In fact, the ATU (the union that represents TTC employees) leadership has suggested that “work to rules” may be in store if the province bans their right to strike. What does that mean? Can workers who can’t legally strike do that?
The Origins of the Ban on Work to Rule Actions
The origin of the legal treatment of “work to rules” lies in one of my favourite labour law cases of all time: Secretary of State for Employment v. ASLEF, No. 2, a 1972 decision of the British Court of Appeal that included the famous judge, Lord Denning. It involved British railway workers and their unions. During bargaining for improved working conditions, the unions directed their members to “strictly observe” the employer’s rulebook. The problem was that when the workers obeyed the employer’s rulebook to the letter, the entire train system screeched to a halt.
For example, one rule required that drivers “satisfy themselves that the engine is in proper order” before driving the train. A driver could take some time to be “satisfied” or else be “satisfied” very quickly. If all drivers take longer to “satisfy” themselves, the train system would become hopelessly delayed. That is what happened in Britain.
So the matter ends up in court. The specific legal question before the court was whether a vote of employees on an employer offer could be ordered. But a vote could only be ordered under the British law if there had been a “breach of contract of employment“. The unions argued, “how can there be a breach of contract when we are complying with the employers’ own rules”?
So Lord Denning and the other judges had to deal with this legal question:
“Can complying with your employer’s rules be a breach of your employment contract?”
The Court said it could. Read how Lord Denning gets to this conclusion:
“Those rules must be construed reasonably… It is only when they are construed unreasonably that the railway systems grinds to a halt. It is, I should think, clearly a breach of contract first to construe rules unreasonably, and then to put that unreasonable construction into practice…. The meaning of the instruction [to strictly obey the rule book] is not in doubt. The instruction was intended to mean, and it was understood to mean, ‘Keep the rules of your employment to the very letter, but, whilst doing so, do your very utmost to disrupt the undertaking’. Is that a breach of contract?…
If [an employee], with others, takes steps wilfully to disrupt the undertaking, to produce chaos so that it will not run as it should, then each one who is party to those steps is guilty of a breach of his contract. It is no answer for any one them to say ‘I am only obeying the rule book’… That would be all very well if done in good faith without any wilful disruption of services; but what makes it wrong is the object with which it is done.
So, in other words, what determines whether complying with employer rules is lawful or a breach of contract is the “motive” of the workers in complying with the rules. If it is to harm the employer’s economic interests, then it is a breach of contract.

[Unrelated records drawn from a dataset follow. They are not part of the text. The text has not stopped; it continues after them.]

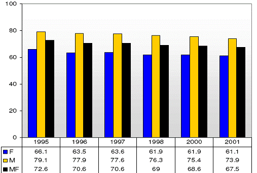 Daca facem o analizǎ asupra somajului care afecteazǎ cele douǎ sexe, putem observa cu usurintǎ cǎ ,,forta de muncǎ femininǎ este mai vulnerabilǎ in raport cu bǎrbatii"[15], intrucat rata somajului feminin este superioarǎ, indiferent de celelalte variabile (rata ocupǎrii feminine in 1997-45,2%, fata de 57,8% in 2002). Cu toate acestea, reducerea ratei de activitate pentru populatia masculina a fost de 9 puncte procentuale intre 1997-2002 (de la 72,5% la 63,5 in 2002), mai ridicata fata de scaderea inregistrata de populatia feminina de 8,7 puncte procentuale (de la 57,7% in 1997 la 49% in 2002), potrivit datelor cuprinse in Strategia pentru Ocuparea Fortei de Muncǎ 2004-2010. Relevante pentru identificarea ponderii populatiei ocupate pe sexe in totalul populatiei sunt si datele din graficul urmǎtor, chiar dacǎ cercetarea surprinde o perioadǎ mai scurtǎ (1995-2002).
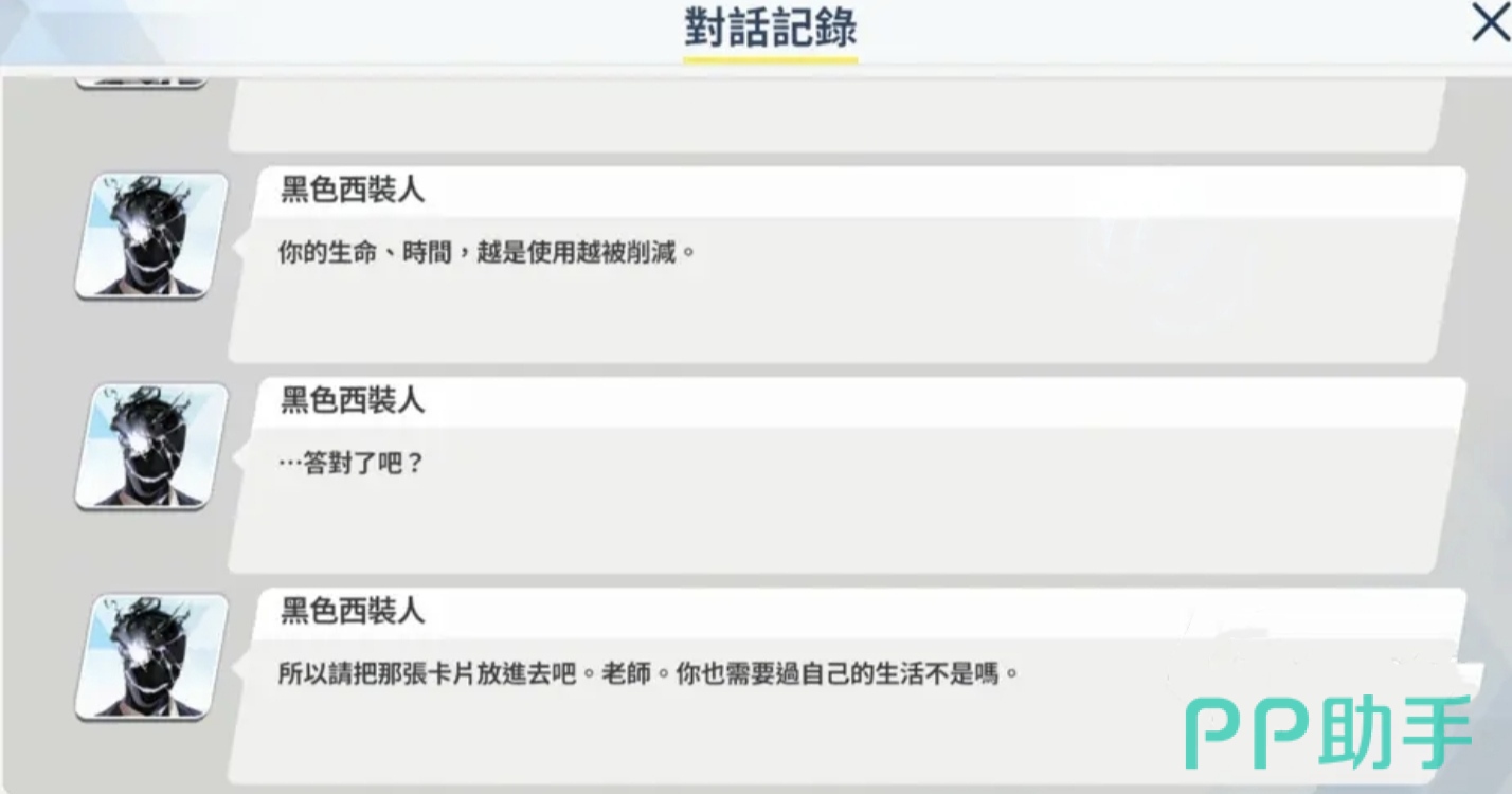 按照以上内容分析,黑服大概跟上周末的剧情失败有着莫大的关联,同时他也是让白子黑化的罪魁祸首之一,但是在这一周的时候他又突然改变了立场选择作为中立者,同时在玩家们遇见困难时选择帮助,谁也搞不清他到底是正还是邪。
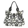 Belted Rhinestone Buckle Velvet Coated Damask Print Purse Black White: Clothing. Size : 14.5w x 10h x 4d in.
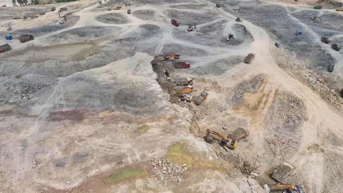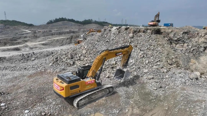 前期爆破剝離工序后,徐工20噸挖掘機(jī)搭配140的小破碎錘進(jìn)行二破,同時(shí)XE380GK、XE600GK等機(jī)型進(jìn)行挖裝作業(yè)?,F(xiàn)場(chǎng)共投入挖掘機(jī)50多臺(tái),每天的挖方量在10萬方左右。
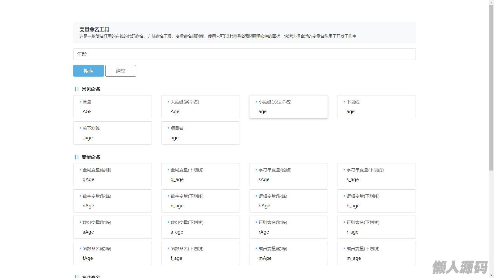 懒人源码 » 在线变量命名工具前端源码
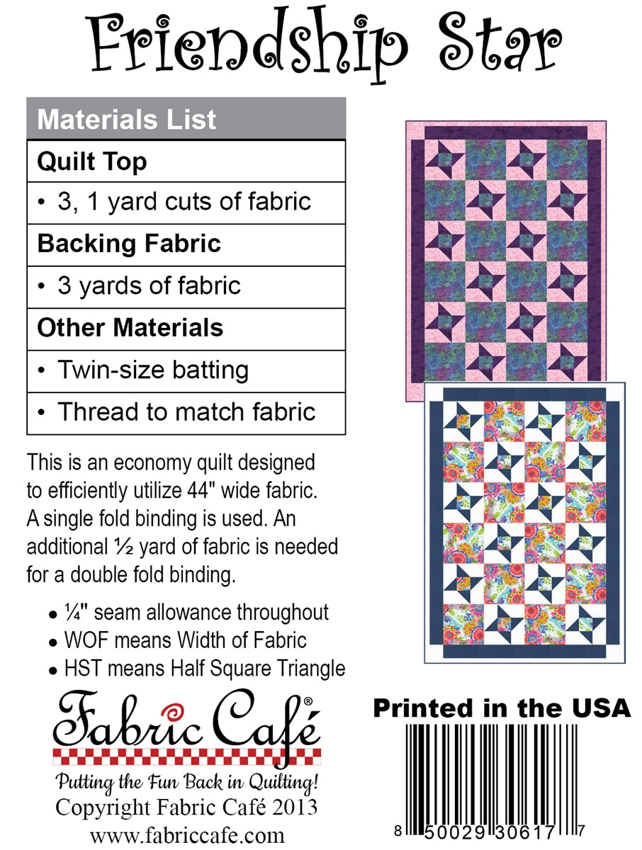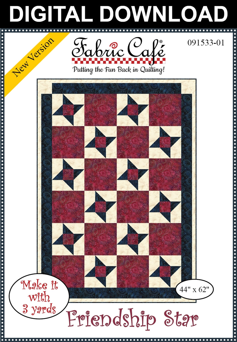 With this economically-price pattern, you simply take 3, one-yard cuts of fabric plus a few hours and make a beautiful quilt top with binding and borders. The pattern includes an assembly diagram and step-by-step directions that make your cutting and piecing a breeze!
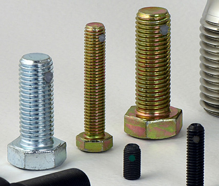 The pellet is compressed into a hole drilled in the threaded region of the fastener. Its size and position are standard but can be modified to meet customer requirements. This system forms a wedge, creating metal to metal friction when the pellet is deformed. As the pellet strives to regain its original shape, this causes firm locking.
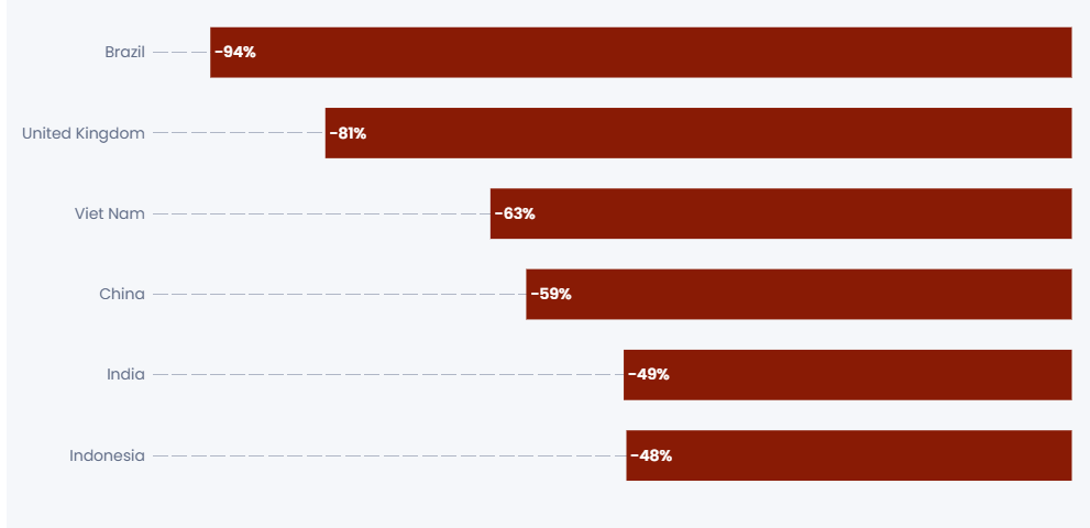 - Vietnã e Singapura: Ambos giram em torno de 40% de market share, superando níveis vistos no Reino Unido e em vários membros da União Europeia.
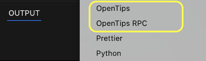 OpenTips provides output channels where you can see logs and debug information. You can access these output channels by looking for the Output tab in the bottom panel of the editor. You'll see two channels related to OpenTips:
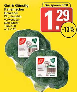 Ursprünglich für 1,49 € angeboten, können Sie jetzt beim Kauf von Gut & Günstig Italienischem Broccoli ganze 20 Cent sparen. Mit einem Preis von nur 1,29 € für 500g erhalten Sie frisches Gemüse zu einem hervorragenden Preis-Leistungs-Verhältnis. Nutzen Sie die Chance und profitieren Sie von diesem attraktiven Preis!
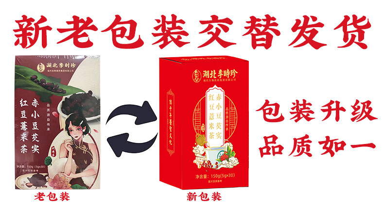 李时珍红豆薏米茶赤小豆脾胃湿气茶包去体内祛湿茶花草养生茶150g 三盒90包丨赤小豆薏米祛湿茶
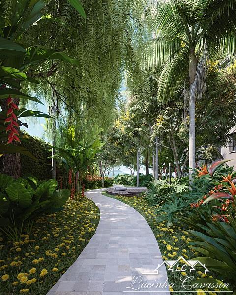 • Jardim com plantas, flores e árvores
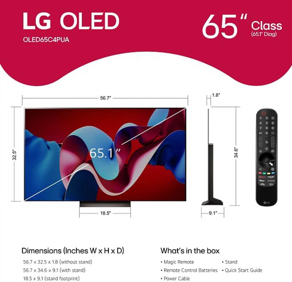 LG C3 Series 65-Inch Class OLED evo 4K Processor Smart Flat Screen TV for Gaming with Magic Remote AI-Powered OLED65C3PUA, 2023 with Alexa Built-in (Renewed)
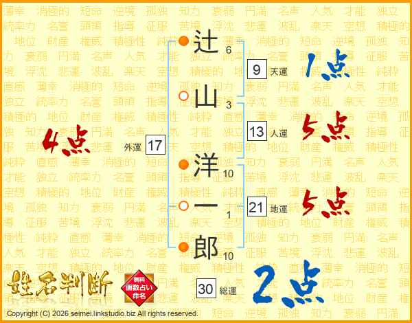 辻(6画)山(3画) 洋(10画)一(1画)郎(10画)
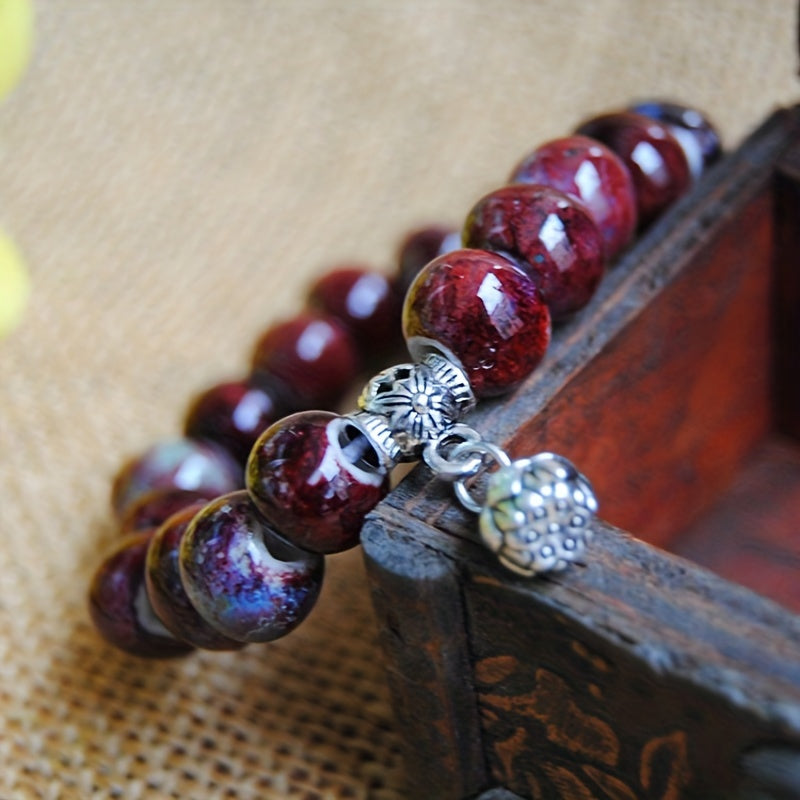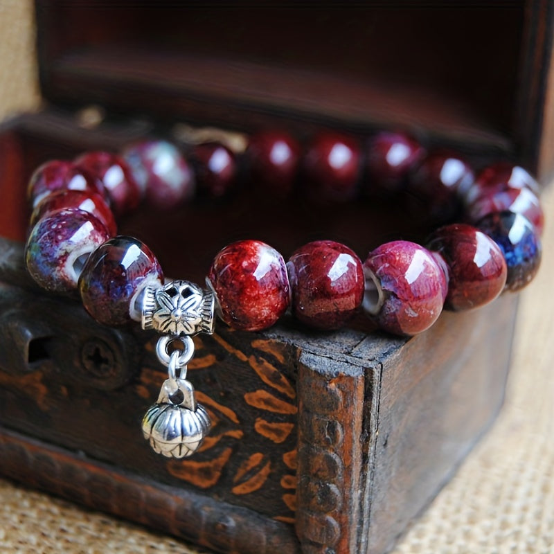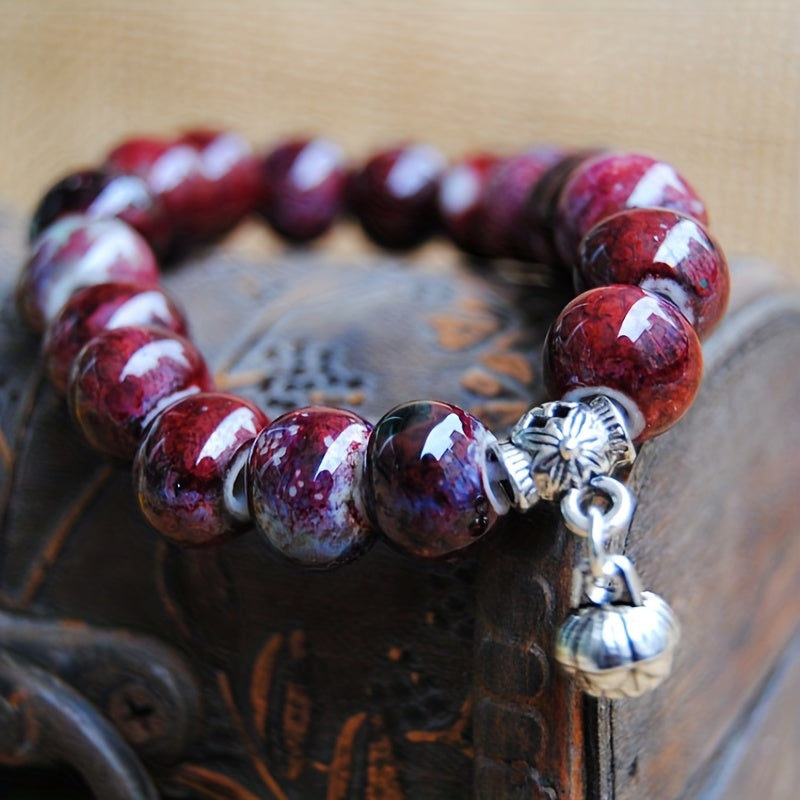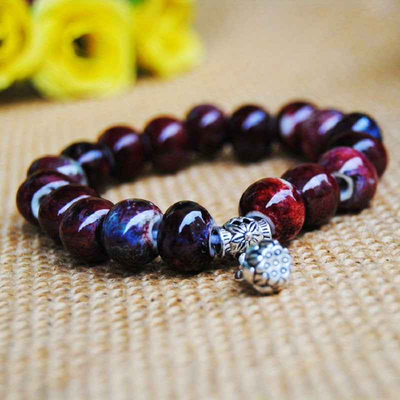 Elegant lotus ceramic beads bracelet suitable for both men and women. This hand chain bracelet is crafted with high-quality ceramic beads, adding a touch of sophistication to any outfit.
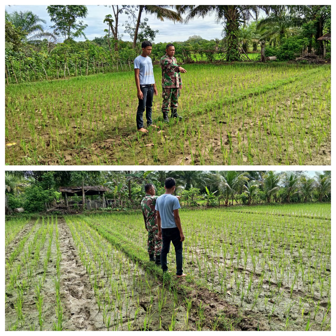 ACEH BARAT – Babinsa Posramil 06/Bubon Kodim 0105/Aceh Barat melaksanakan pendampingan swasembada pangan dengan memantau perkembangan pertumbuhan padi milik petani di Desa Liceh, Kecamatan Bubon, Selasa (20/01/2026).
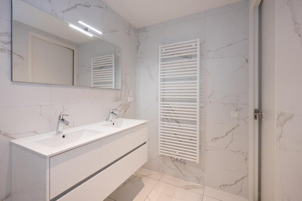 The living room is very spacious and bright with floor-to-ceiling windows with luze curtains. There is also a large, beautiful new bathroom with an extra large walk-in shower, a bathroom furniture with double sink and an extra radiator for the bath towels. There is a spacious inner storage room with the washing machine. From the living room you have access to the master bedroom with floor-to-ceiling windows and access to a fourth walk-in room that can be used as a work and dressing room.
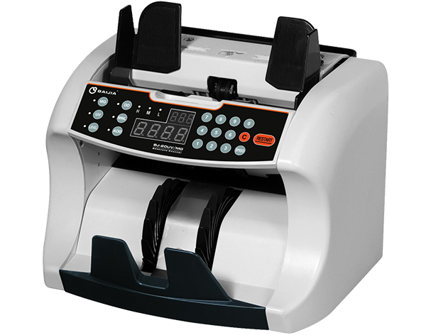 The BJ20 banknote counter is an intelligent high speed, high volume bill counter, capable to count up to 1,500 banknotes per minute. Equipped with four false detecting functions, it can hold up to 300 banknotes.
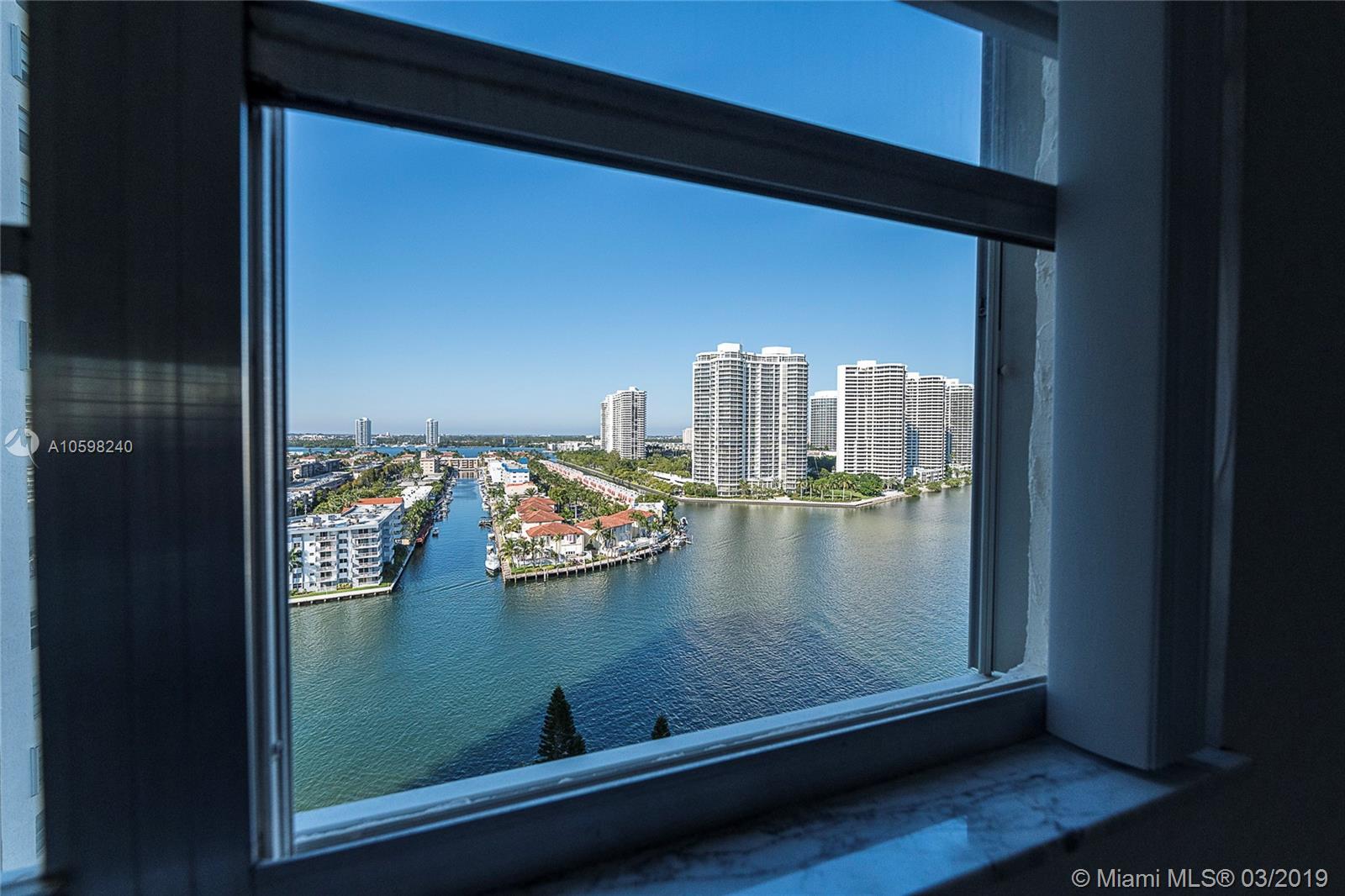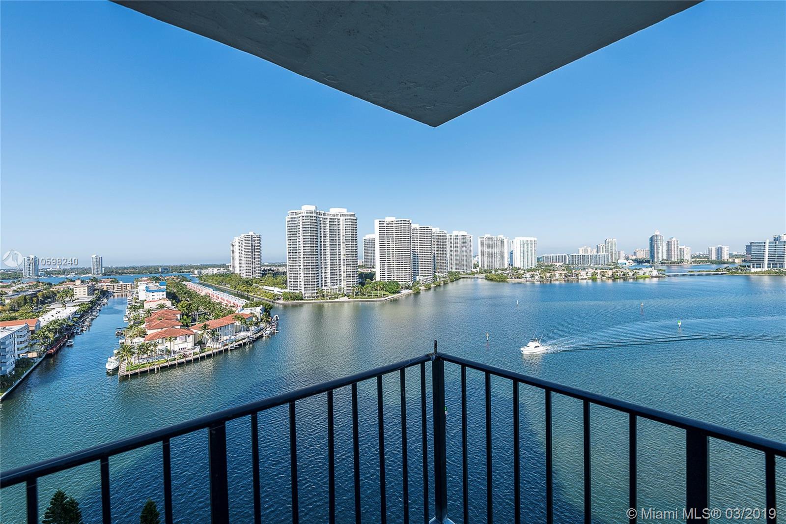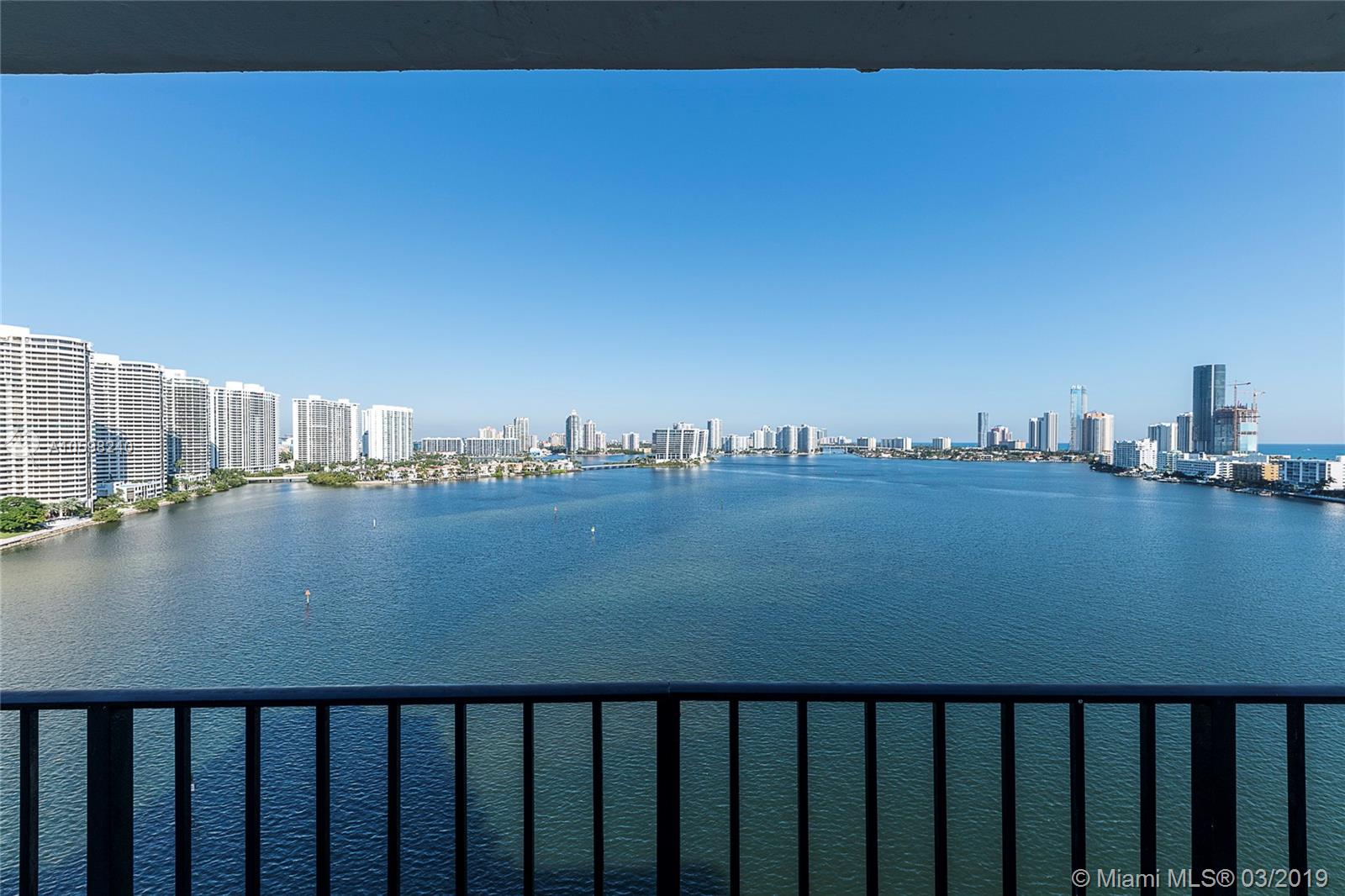 Price to sale, gorgeous corner unit with magnificent Intracoastal and City views, large wrap around balcony, wide foyer, bright open floor plan with panoramic water views, eat-in kitchen, large 2bed/2bath (1856 sq living area) in the heart of Sunny Isles, very low maint. fee which includes internet, cable and water. Pet friendly, walking distance to the beach, community shuttle bus stops near the building and takes all around the City. No Rentals, easy to show.

As a result of this decision, an implied term has been read into all employment contracts in Britain and Canada that requires employees, at all times, to act in furtherance of the employer’s economic interest. This case is often held up as an example of how the courts have creatively crafted decisions to advance employers’ interests over workers’, since the court completely ignored the fact that the workers here were trying to advance their own economic interests. However, the Court ruled that the employers’ interests must trump the employees.
Modern Rules Governing Work to Rules
The reasoning in that British case made it into our Labour Relations Act. The definition of a “strike” in Section 1 of the Labour Relations Act (Ontario), for example, reads:
“strike” includes … a slow-down or other concerted activity on the part of employees designed to restrict or limit output
Can you see how this definition incorporates Lord Denning’s reasoning? It means that, if the TTC drivers agree to follow the collective agreement, or employer rules, to the letter for the purpose of slowing down TTC services, then this would constitute a strike. And if those workers are not legally entitled to strike, then it would be an illegal strike. In that case, the Labour Board or a court would likely order an end to the work to rule if the Employer were to file a complaint.
We will keep an eye on all of this. See, isn’t labour law fascinating?